Thursday, July 29, 2010
Chatspeak!
So, after reading a couple of articles regarding chatspeak, I would have to say that I believe it is, in fact, ruining the children’s ability to learn English. I know that it’s not a popular opinion to have, but I feel like chatspeak is very similar to Ebonics. If enough people start speaking and writing incorrectly, it suddenly becomes correct. I am not a fan.
The opinion held by Greg Monfils, that children know the difference and they can switch gears from internet slang to formal writing, seems ridiculous to me. He seems to believe that students use chatspeak in papers as a form of rebellion. I’m sorry, but what student who knows the correct academic form of a word, is going to use an incorrect Internet word and risk getting a worse grade, just to get a rise out of the teacher? Give me a break.
Wednesday, July 21, 2010
Cyber-Bullying!

I consider myself pretty lucky that I haven’t ever really been involved in any cyber-bullying on either the receiving or the giving end. I think it must be due to my advanced age and the advanced age of my friends when we actually starting using social networking sites and the web in general.
While I have been immune to these problems, our nation’s children have not. Students are the victims of cyber-bullying via things like IM, email, social networking sites and chatrooms. Because of the somewhat anonymous nature of the internet, kids often think that they can say whatever they want to anyone else without any serious repercussions. This is hardly the case. As with the girl who hung herself after receiving a nasty email, many students who are the victims of cyber-bullying become depressed, unengaged, and often violent.
While it is easy to monitor the internet behavior of students when they are at school, it is not so easy when the students are at home on their privately owned computers. The question has repeatedly been asked, “What can and should schools legally be able to do.”
Currently, schools can only interfere or reprimand students for off campus internet behavior if it “creates or threatens to create a substantial and material disruption of the school or interference with the rights of students to be secure.” (cyberbully.org) This disruption if often extremely hard to prove.
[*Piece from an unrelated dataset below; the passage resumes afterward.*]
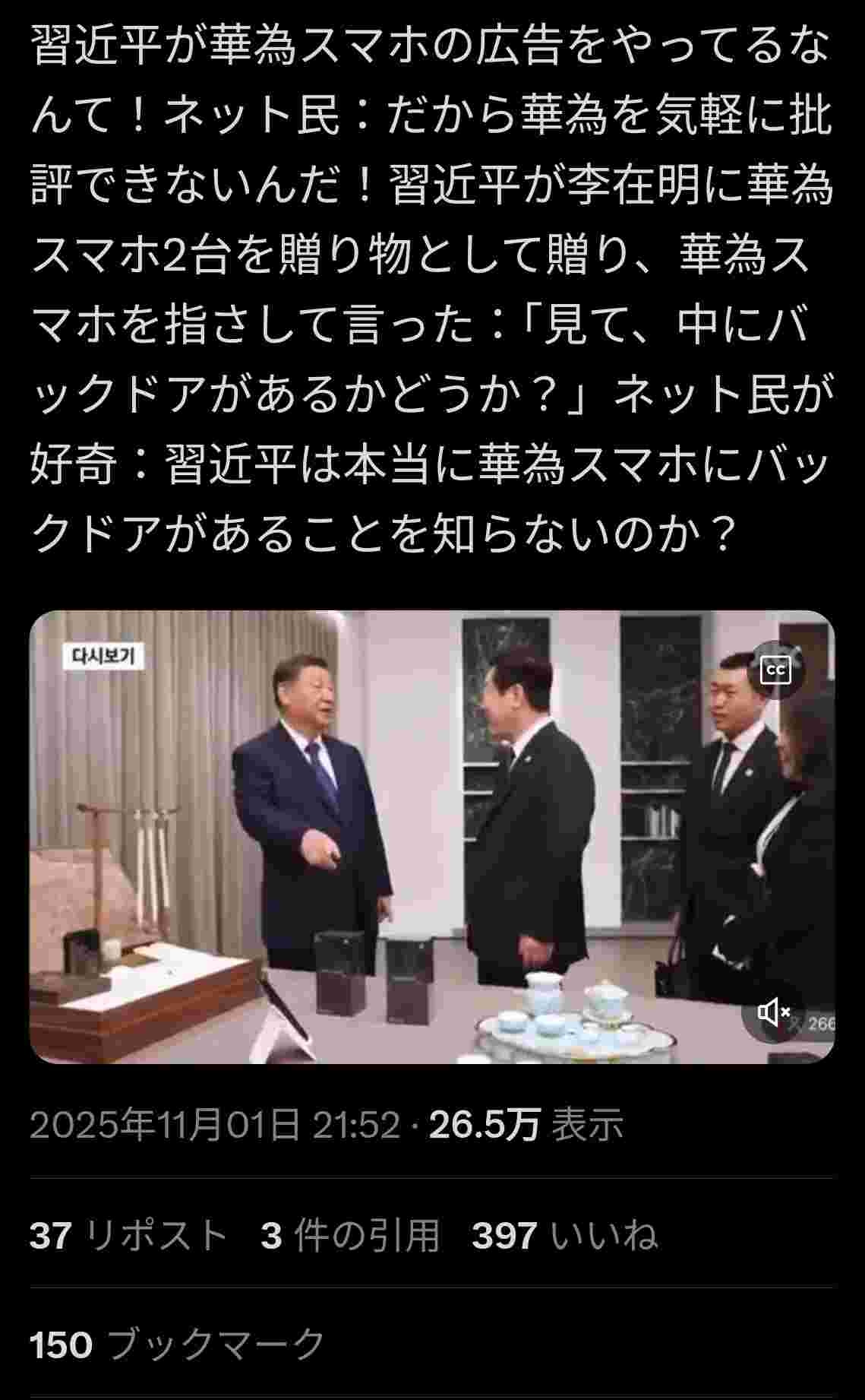 お前が最初に貼ったやつにはHuaweiってかいてあるからややこしい - 14 : 2025/11/02(日) 08:21:17.608 ID:YNyXjdr4u

So, what can we as educators do? I think that we should implement preventative techniques such as guidelines for proper internet behavior. We should be keenly aware of the warning signs of cyber-bullying and educate parents and students on how to handle this ever-growing phenomenon.
Monday, July 19, 2010
Google Search
This web life, however, is a private life and does not reflect how I act in a classroom. This doesn’t mean I want my students to be able to google my name and find out about this private life. As a teacher we are role models and need to set an example. They don’t need to know what I’m doing in my spare time.
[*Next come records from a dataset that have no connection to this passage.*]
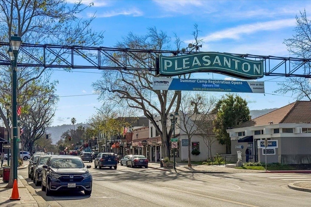 Superbly upgraded and meticulously maintained 3-bedroom, 2-bath single-story townhome. Remodeled kitchen with custom lighting, high-end white cabinets, quartz counters, and Bosch appliances. Custom lighting, hardwood flooring, and plantation shutters throughout. Beautifully remodeled bathrooms. Fenced front and backyards with pavers and lush landscaping. Retractable sunshade on the back patio. Finished two-car garage with heavy-duty shelving and a workbench. Only one shared wall, located in the garage, offers the privacy of a single-family home. Short walk to downtown Pleasanton and Farmers Market.
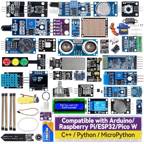 SunFounder Universal Maker Sensor Kit kompatibel med Arduino Mega/R3/R4 Minima/WiFi Nano, Raspberry Pi 5/4B/3B+/Zero 2 W/, Pico W, ESP32, C++, Python, MicroPython, nybörjare och ingenjörer
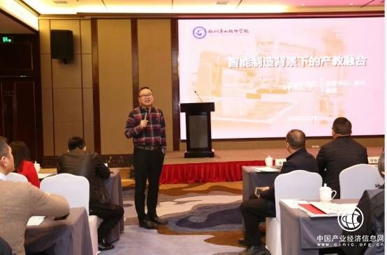 学会工作会议结束后,学会理事长、杭州萧山技师学院院长许红平教授作“智能制造背景下的产教融合”主题演讲。许红平教授从智能制造的产业特征、智能制造产业背景下所需的人才、智能制造产业与人才培养的现状和智能制造背景下的产教融合四大方面分享了自己的理念与观点。他认为,广义而论,智能制造是一个宽泛的概念,无论是智能还是制造,是先进制造技术与新一代信息技术的深度融合,贯穿于产品、制造、服务全生命周期的各个环节。新一代智能制造将使人与机器的工作重新分配,人的体力劳动和脑力劳动将得到根本性的解放。新一代智能制造中智能产品是主体,智能生产是主线。智能产品需要更多的创新创意设计类人才和人工智能技术人才,智能生产则需要高端智能制造装备的支撑,需要更多人成为理实一体化、人机交互化、知识综合化、技术复合化、国际视野化、创新即时化的新工程、新技术、新技能人才。然而我国智能制造产业的人才结构远未达到合理的水平,要解决人才培养的瓶颈关键在于产教的融合。产教融合要解决认识、标准、师资、政策和浮躁的问题,学习医科大学育人模式,先校企“谈恋爱“,后企生“谈恋爱”,大刀阔斧的改革人才培养的目标、结构和模式,最终建立共同开发专业课程体系、共同组建校企师资队伍、共同制订人才培养标准、共同共享双方基地平台、共同实施工学一体管理、共同研发新技术新产品、共同参与人才考核评价、共同开展国际资格认证的校企同生体。

I was incredibly surpised by the 27 year old who was denyed her teaching credential beacause of a picture on the internet. I understand that if students saw their teacher as a ‘drunken pirate’ they might have less respect for her, but she wasn’t even in the classroom yet. And, she might have put her profile to private once she had taken on those responsibilities. I am glad that the profilesI have control over are all set to private but now I’m worried about pictures that other people may have posted of me without my knowledge! There are sites that I don’t want people to know about that I have no control over (ie: www.myspace.com/prettylittleproblemrocks) This site isn’t bad but boy is it embarassing!
Tuesday, July 13, 2010
Digital Immigrant
Until now, the only experience that I’d had with technology in school was with an old computer that my uncle had built me so that I could type up term papers for my undergrad coursework. Most students didn’t have personal computers yet and so they went to the ever-crowded computer labs on campus. There was no world wide web at that time and so, until I had a midterm or a final paper due, my computer stayed turned off and collecting dust in the corner of my bedroom.
I met my ex-boyfriend right out of college and I blame errr… credit my current computer literacy on him. He was an avid gamer/computer nerd/digital native and we always had a separate designated work and counter strike computer in our house. I am what some would call a digital immigrant. I have regrettably made the, “did you get my email? - phone call” (Prensky, 2001) on more than one occasion. But due to him, I have learned and acclimated quickly to this digital world.
As an aspiring teacher I want to do everything possible to reach the emerging generation of future citizens. I want the students in my classroom to do everything that the video games promise them, “Explore, take on your friends, master, amass, build, perform, research, lead, don’t work alone!” (Prensky, 2005) I never want my students to feel like they will have to “power down” (Prensky, 2005) to be able to sit through one of my lectures. I loved the idea of using text messaging to gather data for research projects. There are so many more ways to incorporate technology into the classroom than I had even begun to think of and I hope to never let myself become static in this growing digital world.